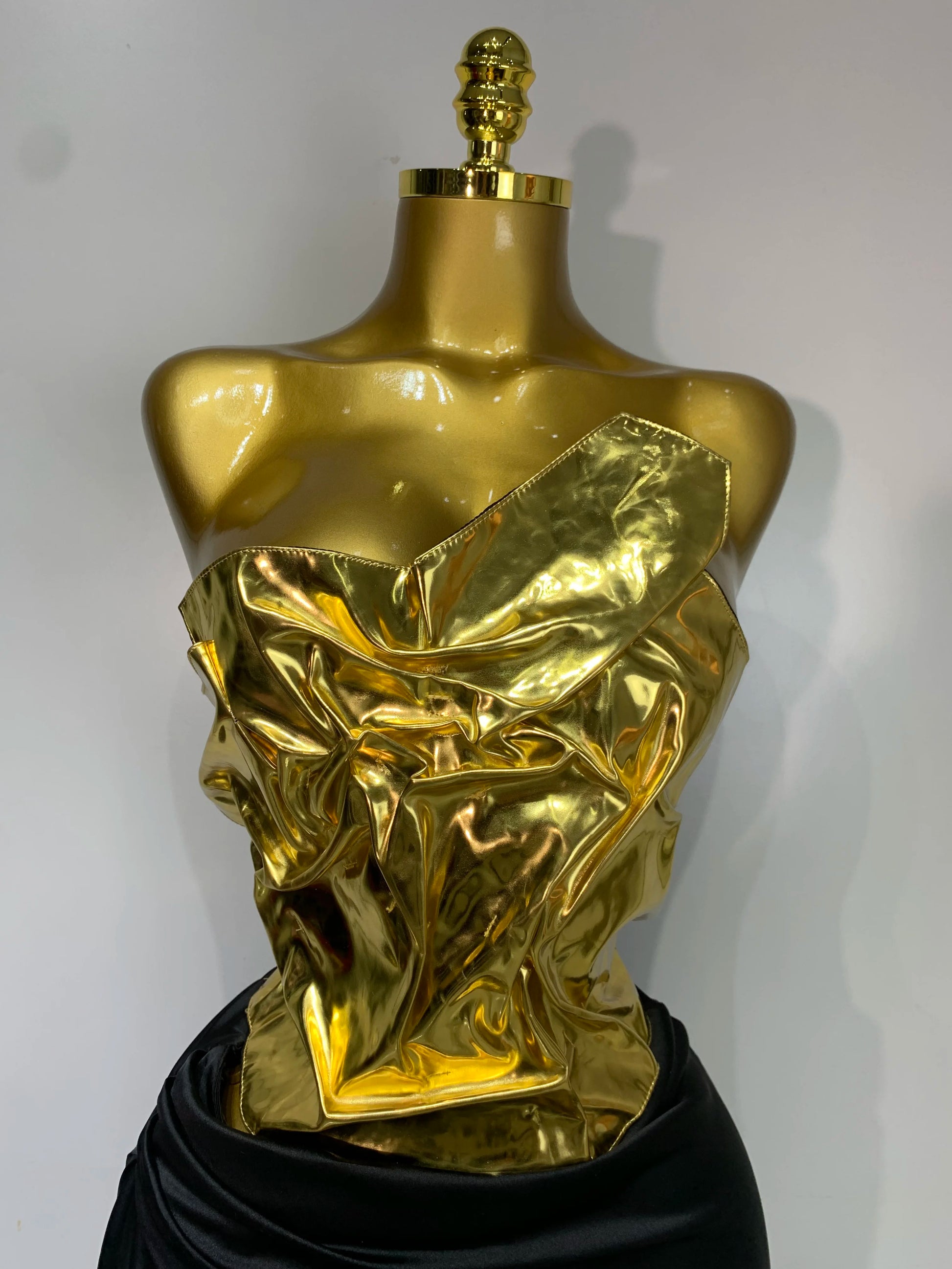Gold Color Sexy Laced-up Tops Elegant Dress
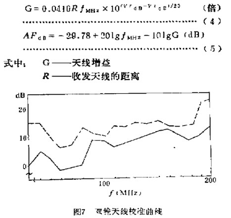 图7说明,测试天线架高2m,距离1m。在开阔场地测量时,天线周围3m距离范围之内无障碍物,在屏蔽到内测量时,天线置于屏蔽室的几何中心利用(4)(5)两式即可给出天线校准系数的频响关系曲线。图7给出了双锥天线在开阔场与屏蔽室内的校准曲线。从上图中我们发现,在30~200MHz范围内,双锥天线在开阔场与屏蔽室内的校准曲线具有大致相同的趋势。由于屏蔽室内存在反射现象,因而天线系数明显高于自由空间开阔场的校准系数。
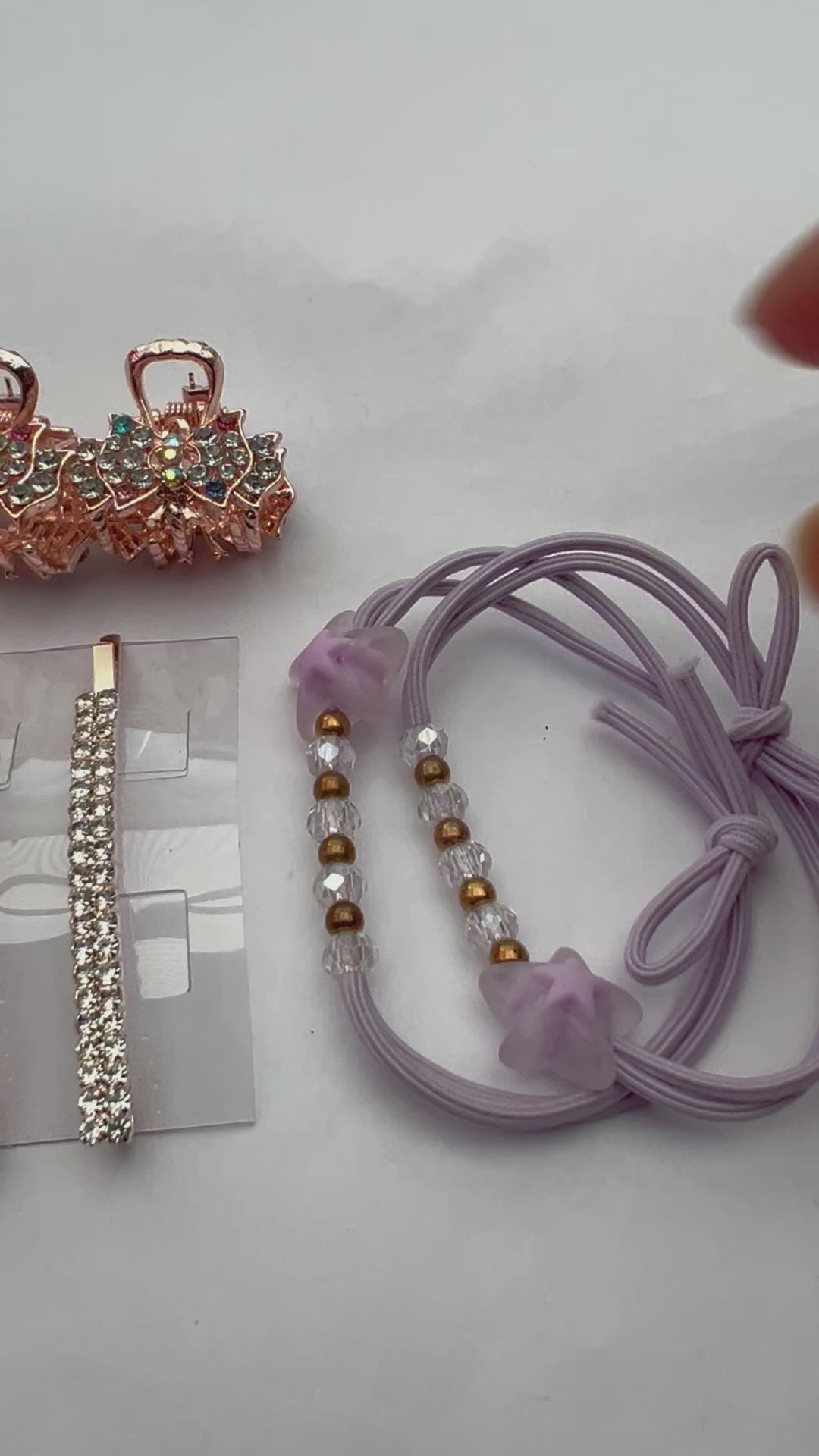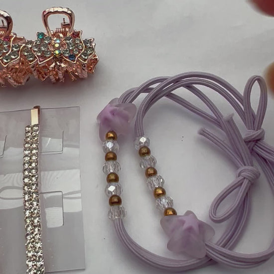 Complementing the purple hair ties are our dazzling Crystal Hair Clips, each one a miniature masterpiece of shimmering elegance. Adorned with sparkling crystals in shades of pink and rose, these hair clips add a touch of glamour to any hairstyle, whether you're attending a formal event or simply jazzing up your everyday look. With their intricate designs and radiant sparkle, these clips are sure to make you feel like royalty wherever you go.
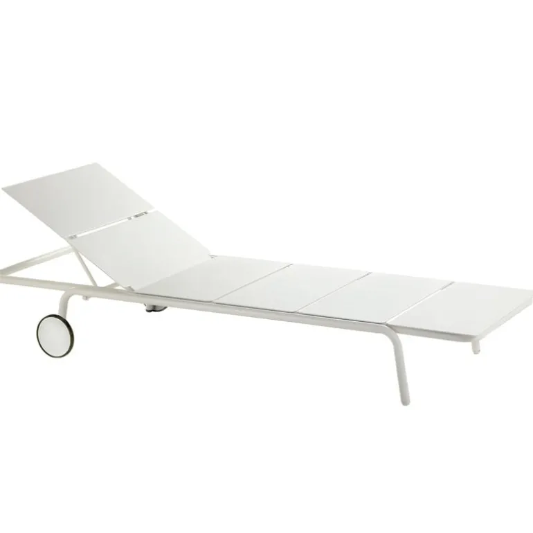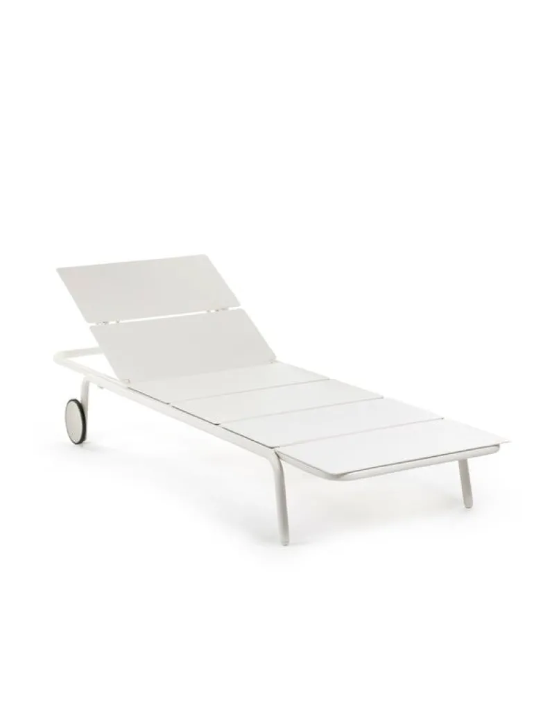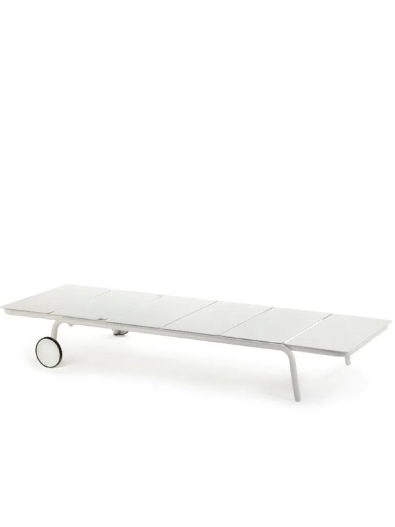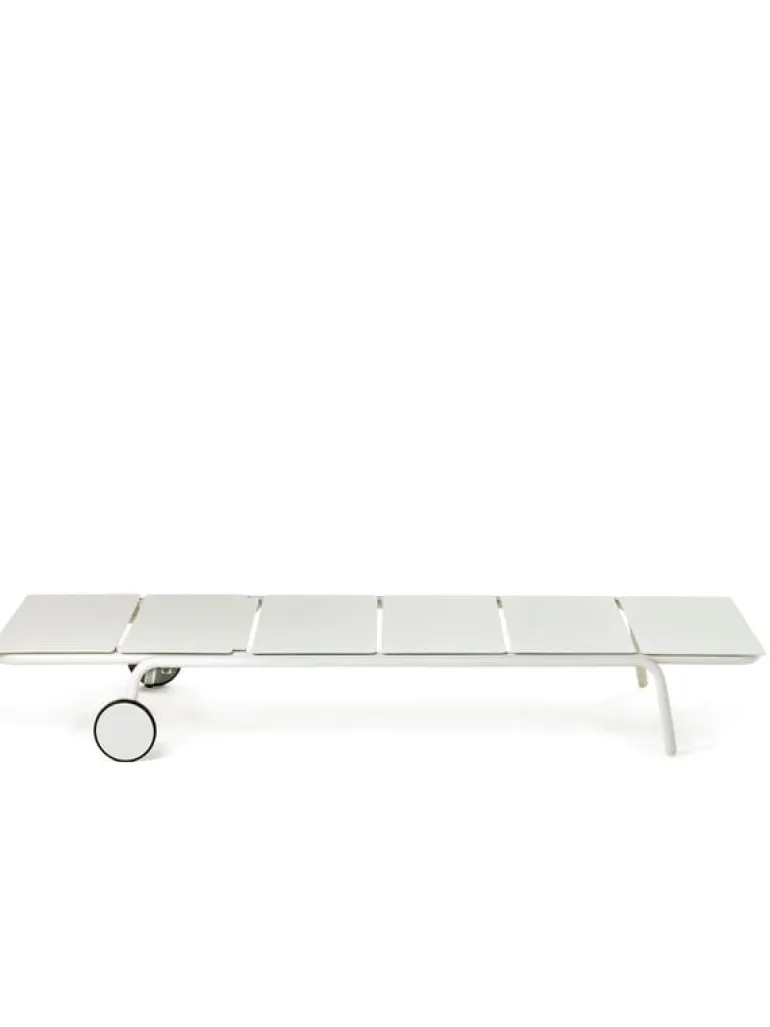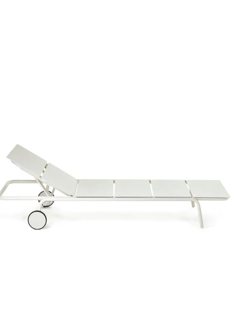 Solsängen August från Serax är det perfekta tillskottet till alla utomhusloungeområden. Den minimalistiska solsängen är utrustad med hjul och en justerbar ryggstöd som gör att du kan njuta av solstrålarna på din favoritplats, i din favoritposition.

AIM OF THE TASK:
What you print must be exactly the lines from the one containing "Complementing the purple" through the last line of the material, and no pictures.

RESULT FOR THIS TASK:
 Complementing the purple hair ties are our dazzling Crystal Hair Clips, each one a miniature masterpiece of shimmering elegance. Adorned with sparkling crystals in shades of pink and rose, these hair clips add a touch of glamour to any hairstyle, whether you're attending a formal event or simply jazzing up your everyday look. With their intricate designs and radiant sparkle, these clips are sure to make you feel like royalty wherever you go.
 Solsängen August från Serax är det perfekta tillskottet till alla utomhusloungeområden. Den minimalistiska solsängen är utrustad med hjul och en justerbar ryggstöd som gör att du kan njuta av solstrålarna på din favoritplats, i din favoritposition.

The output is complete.